Cranial trauma probe union stumps NRL Live Sports News

Cranial trauma probe union stumps NRL

A players’ association for one of the nation’s most popular sports has been unable to say whether it considers a concussion-associated neurodegenerative disease a true medical condition.

The Rugby League Players’ Association gave evidence on Monday as part of a parliamentary inquiry into concussions and repetitive head injuries in contact sports.

Player operations manager Jamie Buhrer told the inquest he was “not free” to say whether chronic traumatic encephalopathy (CTE) was real.

Pushed further, he admitted that the issue was beyond his area of ​​expertise.

“We will engage our medical advisers to form positions on medical conditions,” Mr Buhrer told the inquest.

Mr Buhrer also dismissed suggestions that it was a conflict of interest that the RLPA’s chief medical adviser, and the players’ union itself, were funded by the NRL.

Meanwhile, Professional Footballers Australia, the football players’ union, told the inquest on Monday it was pushing for the sport’s rules to be changed to allow more time for proper concussion assessments.

Currently, if a player suffers a suspected concussion on the pitch, the club doctor has three minutes to carry out an assessment before the match resumes.

“The laws of the game do not facilitate a long enough period for that person to be sent off and assessed,” said PFA co-chief executive Beau Busch.

Earlier, Australia’s top sports medicine body defended its position that there was no clear causal link between repetitive head trauma and CTE.

Sports Medicine Australia chief executive Jamie Crain said the organization’s statement was under review.

“That doesn’t mean we necessarily sway one way or the other,” he said.

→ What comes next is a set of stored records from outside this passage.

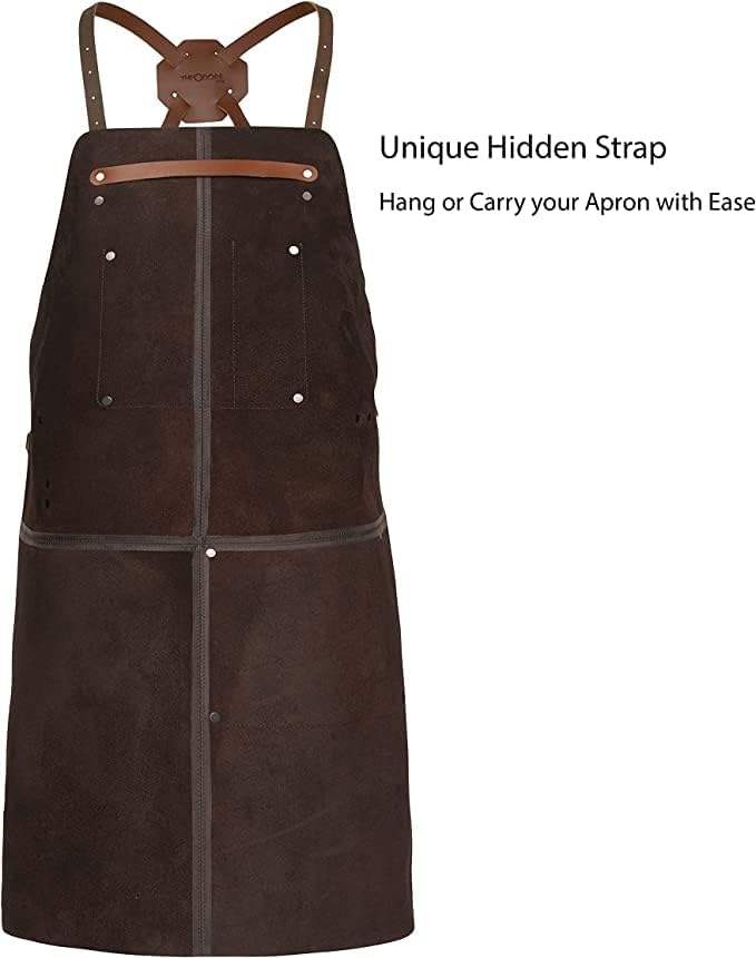 Mejor delantal de cuero para cocinar, delantal de cuero auténtico vintage verde para soldar, delantal de cuero ignífugo, último modelo.
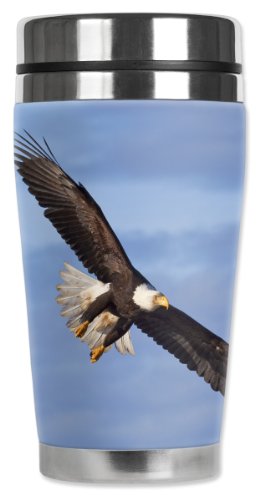 Mugzie Soaring Eagle Travel Mug with Insulated Wetsuit Cover, 16 oz, Black
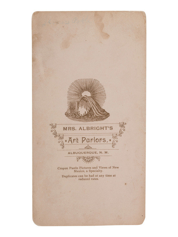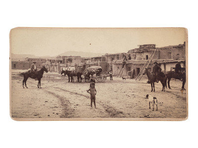 7 1/4 x 3 3/4 in. albumen photograph on cardstock mount (light toning and surface soiling to image, with noticeable brown spot to upper portion; wear and soiling to mount edges and corners). Mrs. Albright's Art Parlors pictorial imprint on verso. Image features the Pueblo plaza with a supply wagon, mounted riders, dogs, and children visible.
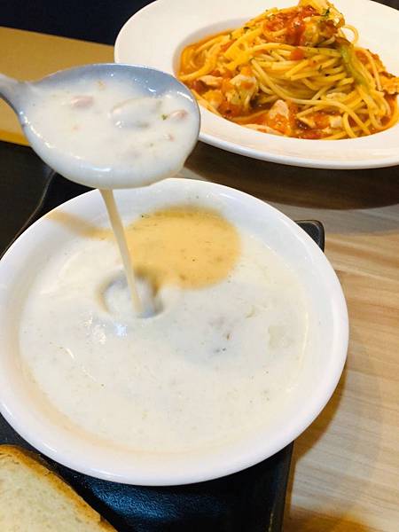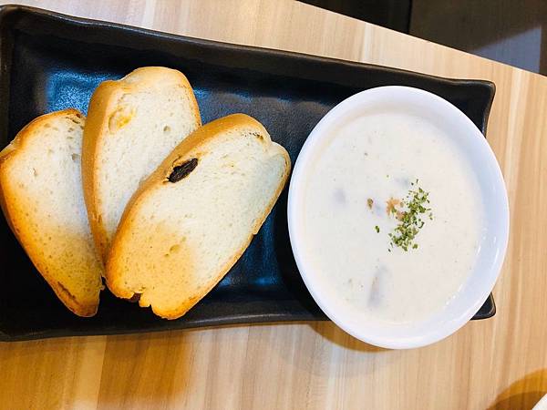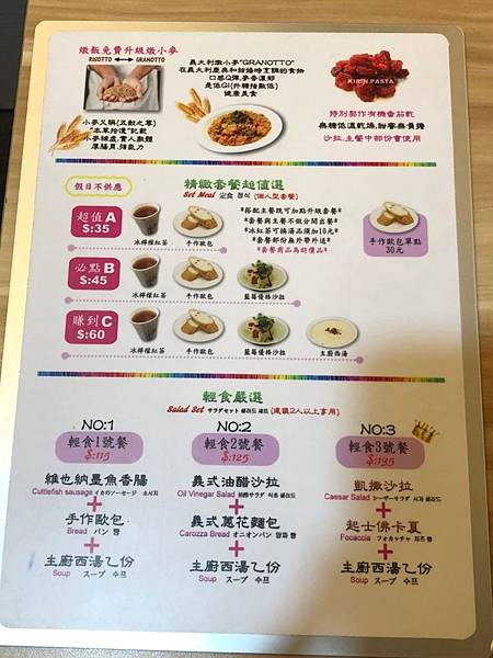 接著來介紹一下我們的餐點,精緻套餐的部分假日無法做點選,只限平日唷!所以這次我們點的是輕食嚴選115有一份小菜跟麵包還有湯品非常划算
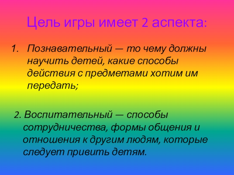 Цель игры имеет 2 аспекта: Познавательный — то чему должны научить детей, какие способы действия с предметами хотим им передать;2. Воспитательный — способы сотрудничества, формы общения и отношения к другим людям, которые следует привить детям.
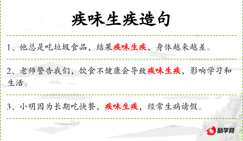 7. 【疾味生疾】 疾味:能导致疾病的食物。吃了能导致疾病的食物必然得病。比喻恶有恶报。
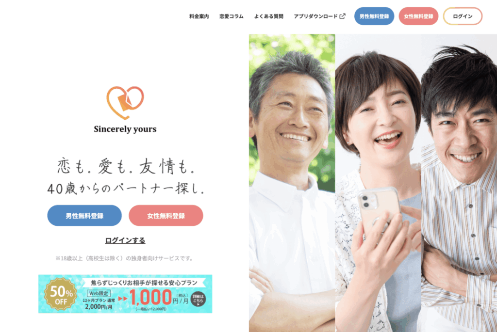 シンシアリーユアーズは、「真剣な大人の関係を築きたい人」向けに設計されたハイクラスマッチングアプリです。
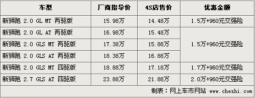 據(jù)4S店銷售人員介紹,目前購買獅跑可以贈(zèng)送960元的交強(qiáng)險(xiǎn),同時(shí)有1.5萬-2萬元不等的現(xiàn)金優(yōu)惠。兩驅(qū)標(biāo)準(zhǔn)版優(yōu)惠后售價(jià)僅為14.48萬元。目前經(jīng)銷商處有黑色、銀色等現(xiàn)車供應(yīng),藍(lán)色等款需要預(yù)定,訂金為2千元,月內(nèi)便可以順利提車。
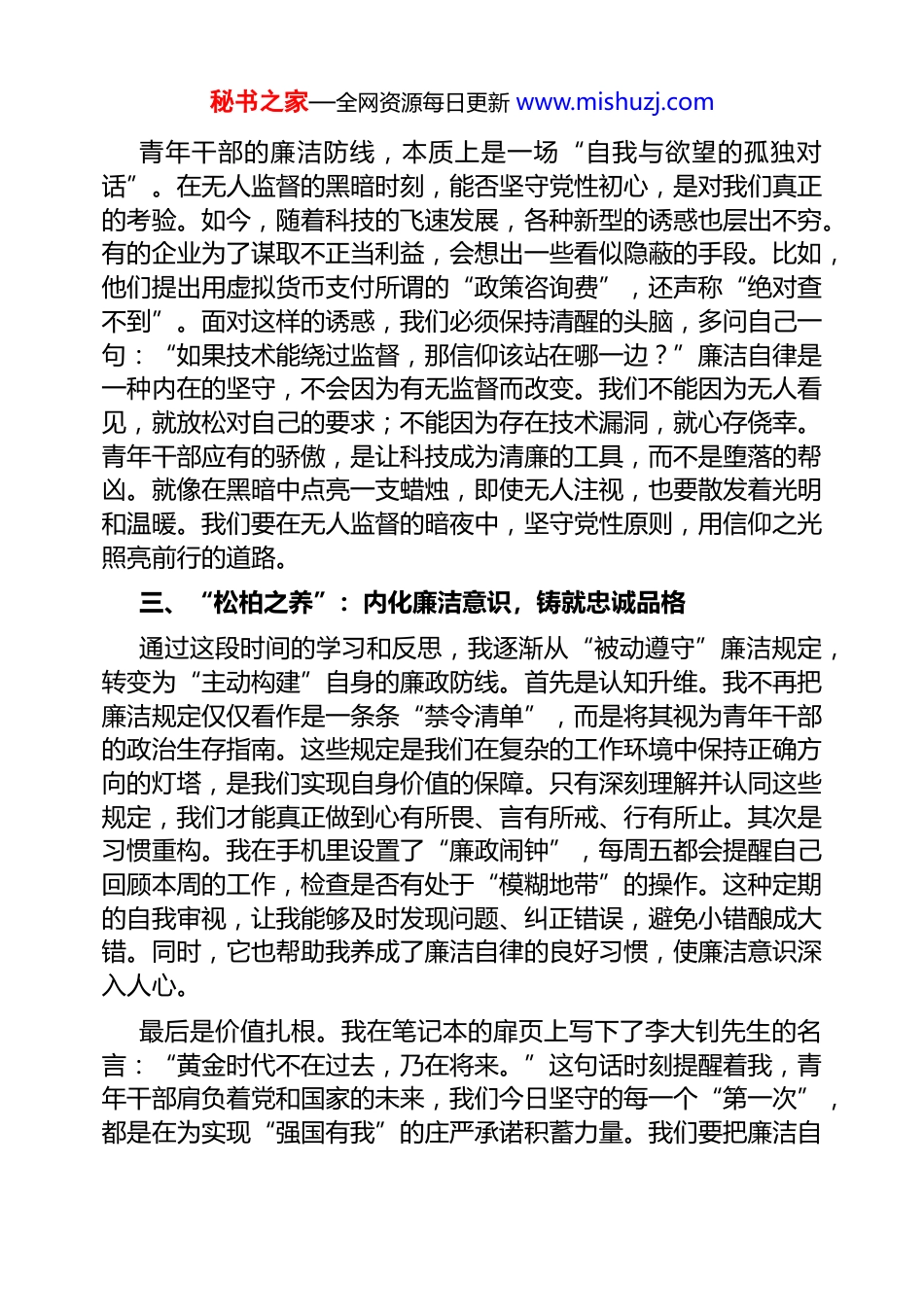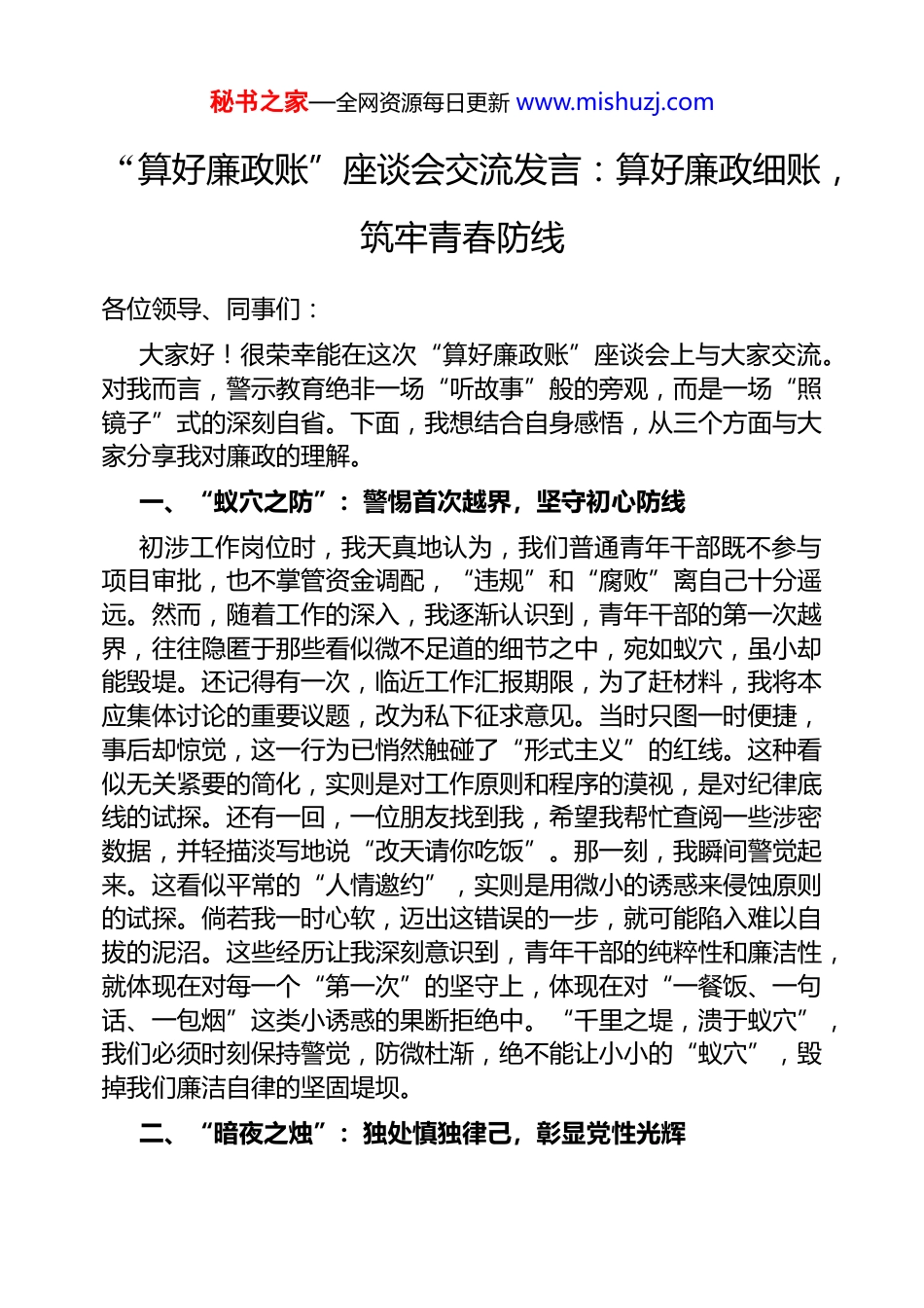 秘书之家—全网资源每日更新 www.mishuzj.com“算好廉政账”座谈会交流发言:算好廉政细账,筑牢青春防线各位领导、同事们:大家好!很荣幸能在这次“算好廉政账”座谈会上与大家交流。对我而言,警示教育绝非一场“听故事”般的旁观,而是一场“照镜子”式的深刻自省。下面,我想结合自身感悟,从三个方面与大家分享我对廉政的理解。一、“蚁穴之防”:警惕首次越界,坚守初心防线初涉工作岗位时,我天真地认为,我们普通青年干部既不参与项目审批,也不掌管资金调配,“违规”和“腐败”离自己十分遥远。然而,随着工作的深入,我逐渐认识到,青年干部的第一次越界,往往隐匿于那些看似微不足道的细节之中,宛如蚁穴,虽小却能毁堤。还记得有一次,临近工作汇报期限,为了赶材料,我将本应集体讨论的重要议题,改为私下征求意见。当时只图一时便捷,事后却惊觉,这一行为已悄然触碰了“形式主义”的红线。这种看似无关紧要的简化,实则是对工作原则和程序的漠视,是对纪律底线的试探。还有一回,一位朋友找到我,希望我帮忙查阅一些涉密数据,并轻描淡写地说“改天请你吃饭”。那一刻,我瞬间警觉起来。这看似平常的“人情邀约”,实则是用微小的诱惑来侵蚀原则的试探。倘若我一时心软,迈出这错误的一步,就可能陷入难以自拔的泥沼。这些经历让我深刻意识到,青年干部的纯粹性和廉洁性,就体现在对每一个“第一次”的坚守上,体现在对“一餐饭、一句话、一包烟”这类小诱惑的果断拒绝中。“千里之堤,溃于蚁穴”,我们必须时刻保持警觉,防微杜渐,绝不能让小小的“蚁穴”,毁掉我们廉洁自律的坚固堤坝。二、“暗夜之烛”:独处慎独律己,彰显党性光辉秘书之家—全网资源每日更新 www.mishuzj.com青年干部的廉洁防线,本质上是一场“自我与欲望的孤独对话”。在无人监督的黑暗时刻,能否坚守党性初心,是对我们真正的考验。如今,随着科技的飞速发展,各种新型的诱惑也层出不穷。有的企业为了谋取不正当利益,会想出一些看似隐蔽的手段。比如,他们提出用虚拟货币支付所谓的“政策咨询费”,还声称“绝对查不到”。面对这样的诱惑,我们必须保持清醒的头脑,多问自己一句:“如果技术能绕过监督,那信仰该站在哪一边?”廉洁自律是一种内在的坚守,不会因为有无监督而改变。我们不能因为无人看见,就放松对自己的要求;不能因为存在技术漏洞,就心存侥幸。青年干部应有的骄傲,是让科技成为清廉的工具,而不是堕落的帮凶。就像在黑暗中点亮一支蜡烛,即使无人注视,也要散发着光明和温暖。我们要在无人监督的暗夜中,坚守党性原则,用信仰之光照亮前行的道路。三、“松柏之养”:内化廉洁意识,铸就忠诚品格通过这段时间的学习和反思,我逐渐从“被动遵守”廉洁规定,转变为“主动构建”自身的廉政防线。首先是认知升维。我不再把廉洁规定仅仅看作是一条条“禁令清单”,而是将其视为青年干部的政治生存指南。这些规定是我们在复杂的工作环境中保持正确方向的灯塔,是我们实现自身价值的保障。只有深刻理解并认同这些规定,我们才能真正做到心有所畏、言有所戒、行有所止。其次是习惯重构。我在手机里设置了“廉政闹钟”,每周五都会提醒自己回顾本周的工作,检查是否有处于“模糊地带”的操作。这种定期的自我审视,让我能够及时发现问题、纠正错误,避免小错酿成大错。同时,它也帮助我养成了廉洁自律的良好习惯,使廉洁意识深入人心。最后是价值扎根。我在笔记本的扉页上写下了李大钊先生的名言:“黄金时代不在过去,乃在将来。”这句话时刻提醒着我,青年干部肩负着党和国家的未来,我们今日坚守的每一个“第一次”,都是在为实现“强国有我”的庄严承诺积蓄力量。我们要把廉洁自秘书之家—全网资源每日更新 www.mishuzj.com律融入血脉,铸就忠诚干净担当的品格,成为党和人民可靠的接班人。“蚁穴之防”让我们防患于未然,“暗夜之烛”使我们慎独律己,“松柏之养”助我们内化品格。作为新时代的青年干部,我们要算好廉政细账,筑牢青春防线,以廉洁自律的实际行动,书写无愧于时代、无愧于人民的精彩篇章!谢谢大家!

The SMA’s position, according to Dr. Reidar Lystad, who is on its scientific advisory board, is based on the 2017 international consensus statement on concussion in sport.

Dr. Lystad said he expressed reservations about some aspects of the report. He said the evidence “for a causal relationship” between repeated head trauma and neurodegenerative diseases such as CTE was “imperfect but undeniable”.